■ EXERCISE PROMPT
Make an exact transcript of the lines in the data below, starting with the one containing "Relaxed leg cargo" and going on through the one containing "This PGS Legacy", with both included and the pictures left out.

■ RECORDED DATA

☆ ☆ ☆ ☆ ☆

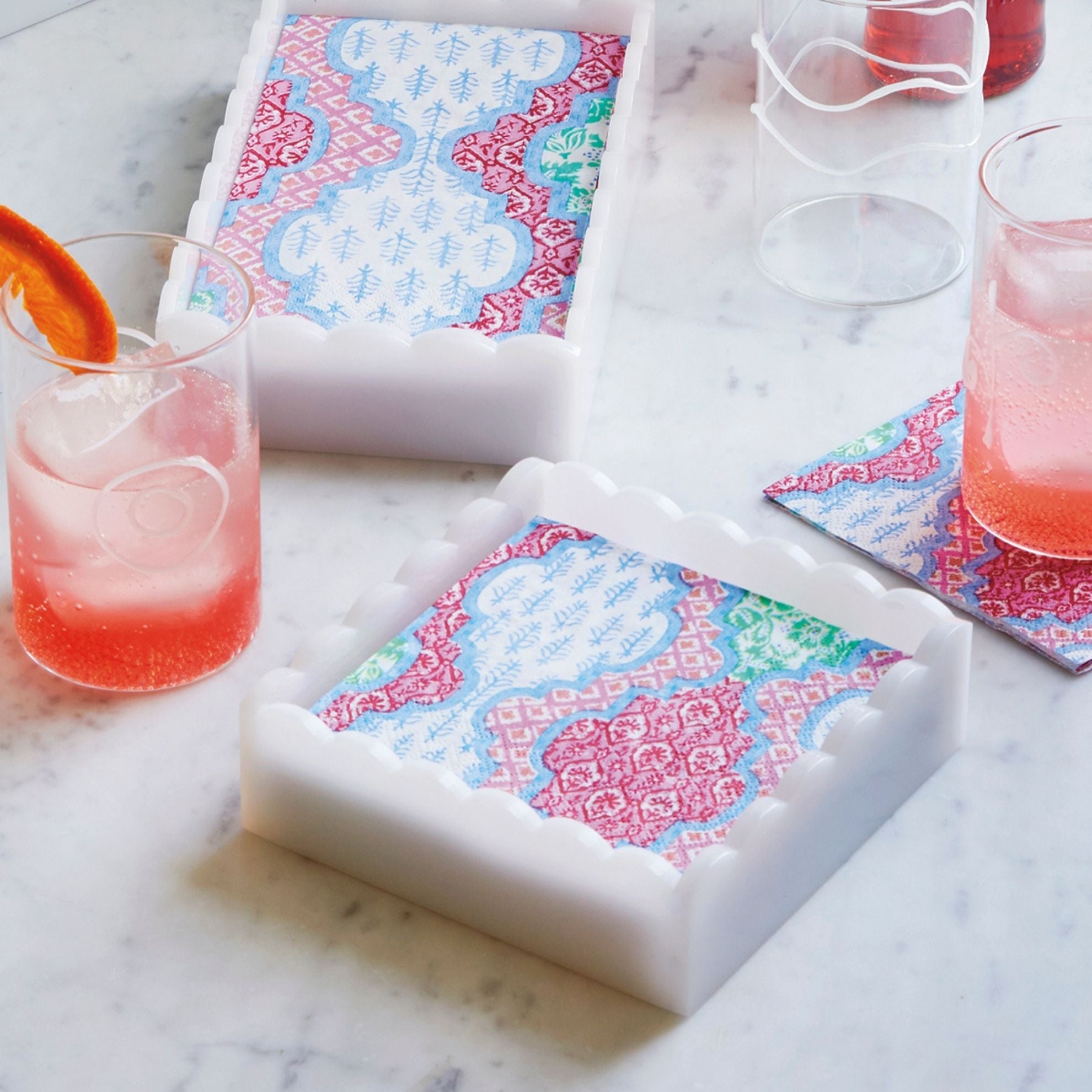 Crisp, clean, and effortlessly chic—our White Scallop Acrylic Napkin Box adds a polished touch to any tabletop. Crafted from durable acrylic with charming scalloped edges, it comes stocked with the Provençal Cotton Pink Cocktail Napkin by Caspari, making it both stylish and ready to serve. Perfect for everyday elegance or your next gathering.
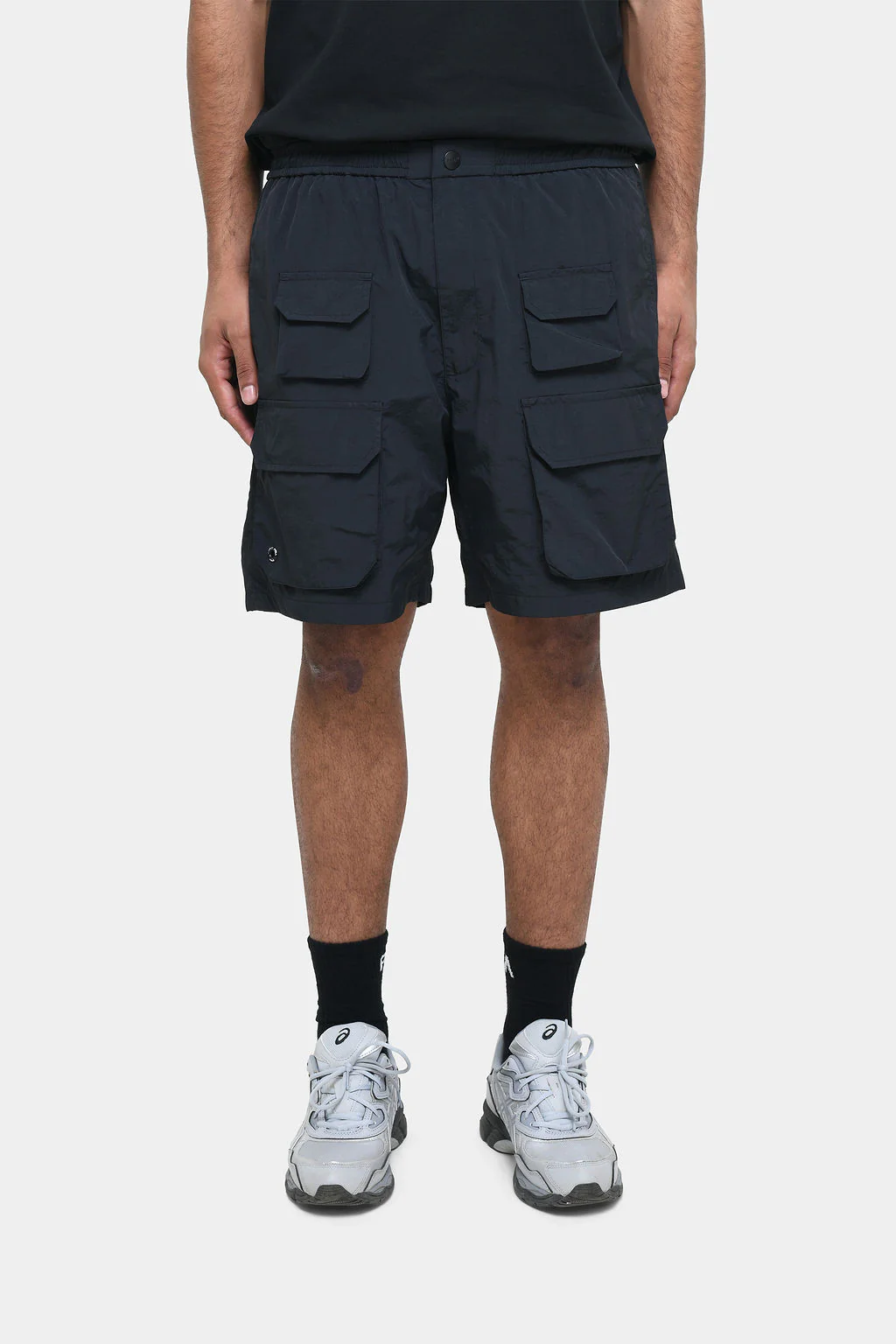 Relaxed leg cargo short in a Black, technical breathable Nylon with a mesh lining.
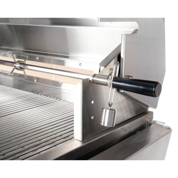 This PGS Legacy Big Sur 51-Inch Gas Grill features a 304 grade stainless steel exterior, four 25,500 BTU heavy duty stainless steel burners that push 102,000 BTUs of total cooking power on the grilling surface. The 14,000 BTU ceramic infrared backburner delivers cooking flexibility, and the heavy duty rotisserie motor, spit rod, and counter balance is capable of supporting up to 15 lbs. The ceramic Moon Roks with stainless steel rock grate provide even heat and perfect smoke control, and the 5/16 inch stainless steel rod cooking grids with Vari Grid spacing offers grilling versatility across 960 square inches of main cooking area. Grill also features the Sure Start continuous spark electronic ignition, convenient lighting tube for ignition backup, and a 336 square inch stainless steel warming rack. Grill includes propane regulator and 16-inch hose.
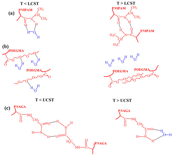 The simplified mechanisms of the LCST or UCST transitions for NIPAM (a), OEGMA (b) and NAGA (c) based TRPBCs.

☆ ☆ ☆ ☆ ☆

■ REPLY
 Relaxed leg cargo short in a Black, technical breathable Nylon with a mesh lining.
 This PGS Legacy Big Sur 51-Inch Gas Grill features a 304 grade stainless steel exterior, four 25,500 BTU heavy duty stainless steel burners that push 102,000 BTUs of total cooking power on the grilling surface. The 14,000 BTU ceramic infrared backburner delivers cooking flexibility, and the heavy duty rotisserie motor, spit rod, and counter balance is capable of supporting up to 15 lbs. The ceramic Moon Roks with stainless steel rock grate provide even heat and perfect smoke control, and the 5/16 inch stainless steel rod cooking grids with Vari Grid spacing offers grilling versatility across 960 square inches of main cooking area. Grill also features the Sure Start continuous spark electronic ignition, convenient lighting tube for ignition backup, and a 336 square inch stainless steel warming rack. Grill includes propane regulator and 16-inch hose.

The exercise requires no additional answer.